(WORK INSTRUCTION)
With pictures left out, write out exactly every line from the start of the data through the one that contains "This exceptional end-unit".

(RECORDED INFORMATION)
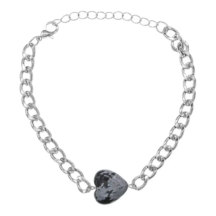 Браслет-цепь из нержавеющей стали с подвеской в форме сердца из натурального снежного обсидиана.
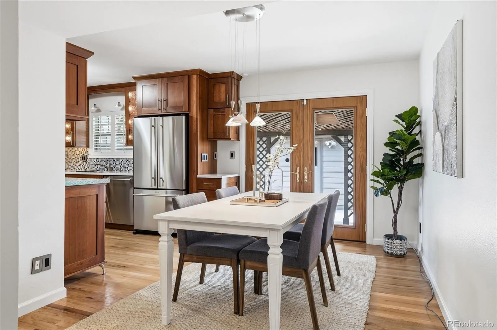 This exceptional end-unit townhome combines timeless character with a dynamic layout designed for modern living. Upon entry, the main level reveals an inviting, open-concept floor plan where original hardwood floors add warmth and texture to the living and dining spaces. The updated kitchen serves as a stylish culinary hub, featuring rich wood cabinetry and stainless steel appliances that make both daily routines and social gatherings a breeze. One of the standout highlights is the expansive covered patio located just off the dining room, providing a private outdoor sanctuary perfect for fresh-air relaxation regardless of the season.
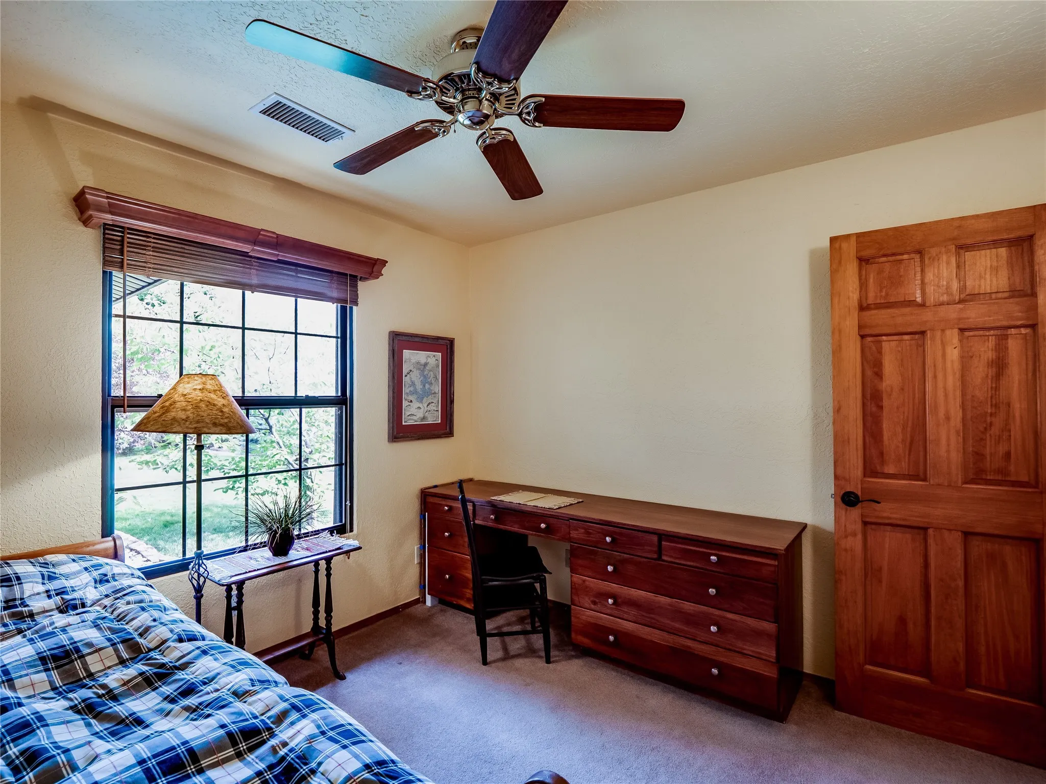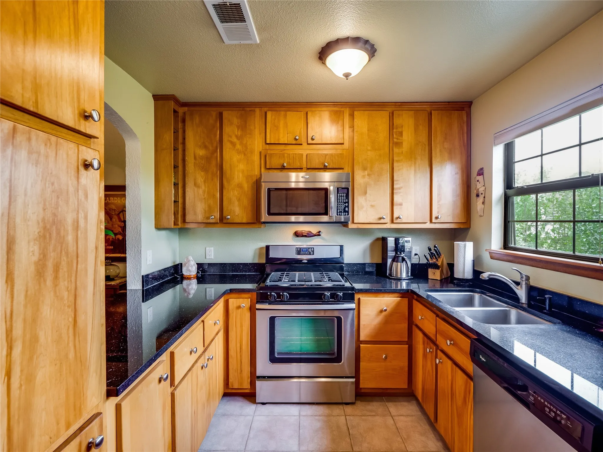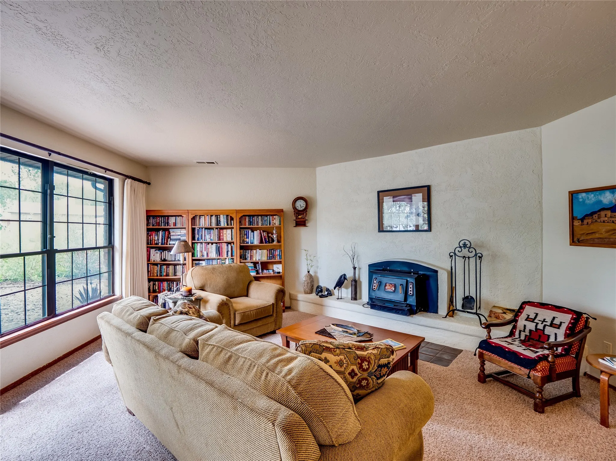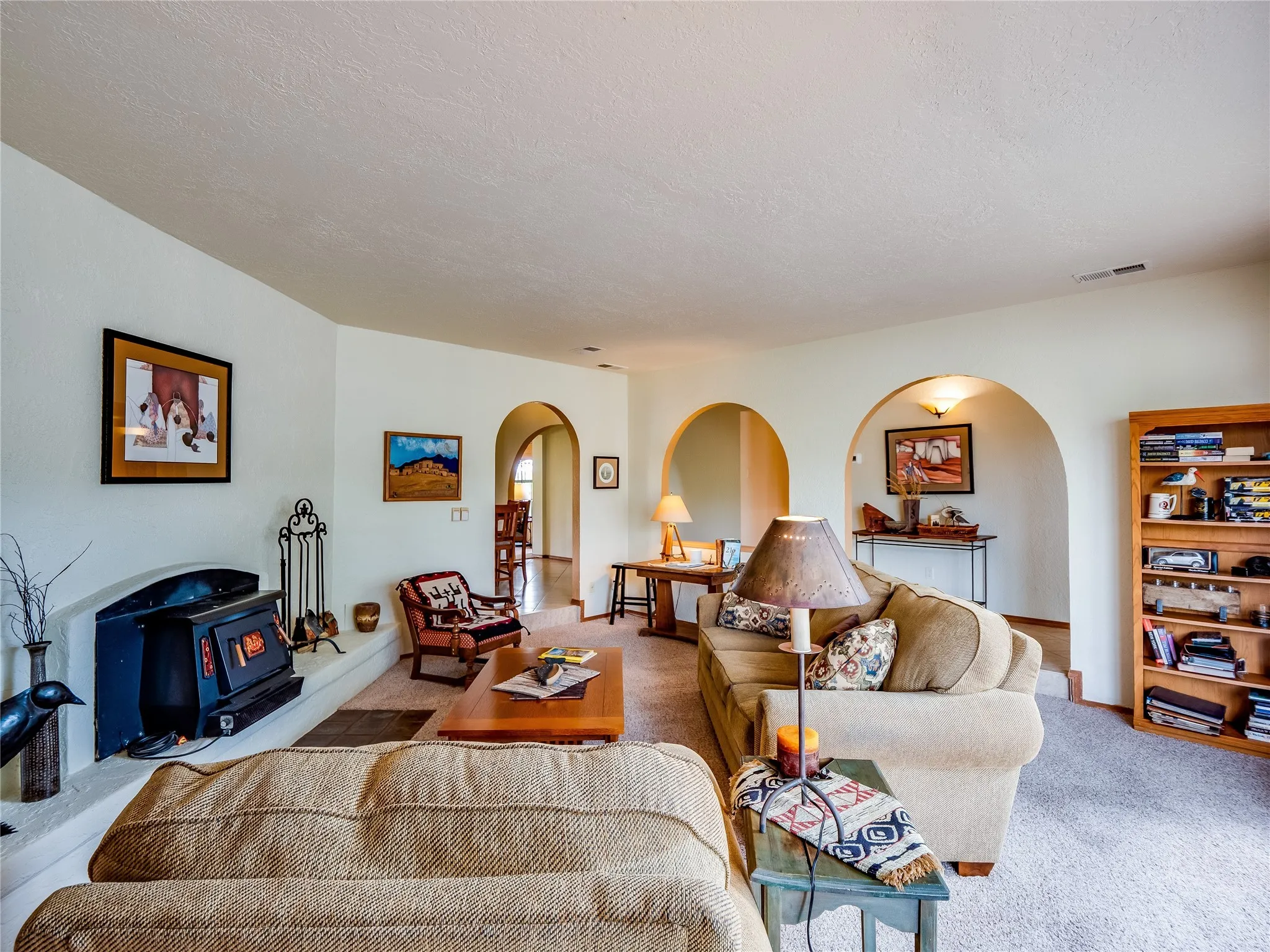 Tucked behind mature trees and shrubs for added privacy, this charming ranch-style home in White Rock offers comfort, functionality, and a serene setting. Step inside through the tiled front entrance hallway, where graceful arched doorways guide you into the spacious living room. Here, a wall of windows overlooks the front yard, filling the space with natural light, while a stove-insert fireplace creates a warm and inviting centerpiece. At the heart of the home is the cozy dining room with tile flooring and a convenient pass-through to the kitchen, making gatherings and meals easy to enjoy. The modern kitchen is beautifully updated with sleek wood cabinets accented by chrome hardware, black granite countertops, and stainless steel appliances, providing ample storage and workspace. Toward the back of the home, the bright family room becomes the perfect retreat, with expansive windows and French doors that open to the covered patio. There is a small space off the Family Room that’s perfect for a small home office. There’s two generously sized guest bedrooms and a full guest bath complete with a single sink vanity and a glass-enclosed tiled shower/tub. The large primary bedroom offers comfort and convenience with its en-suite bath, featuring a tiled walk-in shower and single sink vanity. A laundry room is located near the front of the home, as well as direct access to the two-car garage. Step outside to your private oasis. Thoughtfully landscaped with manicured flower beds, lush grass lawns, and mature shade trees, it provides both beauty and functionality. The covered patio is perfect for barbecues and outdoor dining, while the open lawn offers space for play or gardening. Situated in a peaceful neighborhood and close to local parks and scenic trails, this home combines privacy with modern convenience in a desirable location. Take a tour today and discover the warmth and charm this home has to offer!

(ANSWER BOX)
 Браслет-цепь из нержавеющей стали с подвеской в форме сердца из натурального снежного обсидиана.
 This exceptional end-unit townhome combines timeless character with a dynamic layout designed for modern living. Upon entry, the main level reveals an inviting, open-concept floor plan where original hardwood floors add warmth and texture to the living and dining spaces. The updated kitchen serves as a stylish culinary hub, featuring rich wood cabinetry and stainless steel appliances that make both daily routines and social gatherings a breeze. One of the standout highlights is the expansive covered patio located just off the dining room, providing a private outdoor sanctuary perfect for fresh-air relaxation regardless of the season.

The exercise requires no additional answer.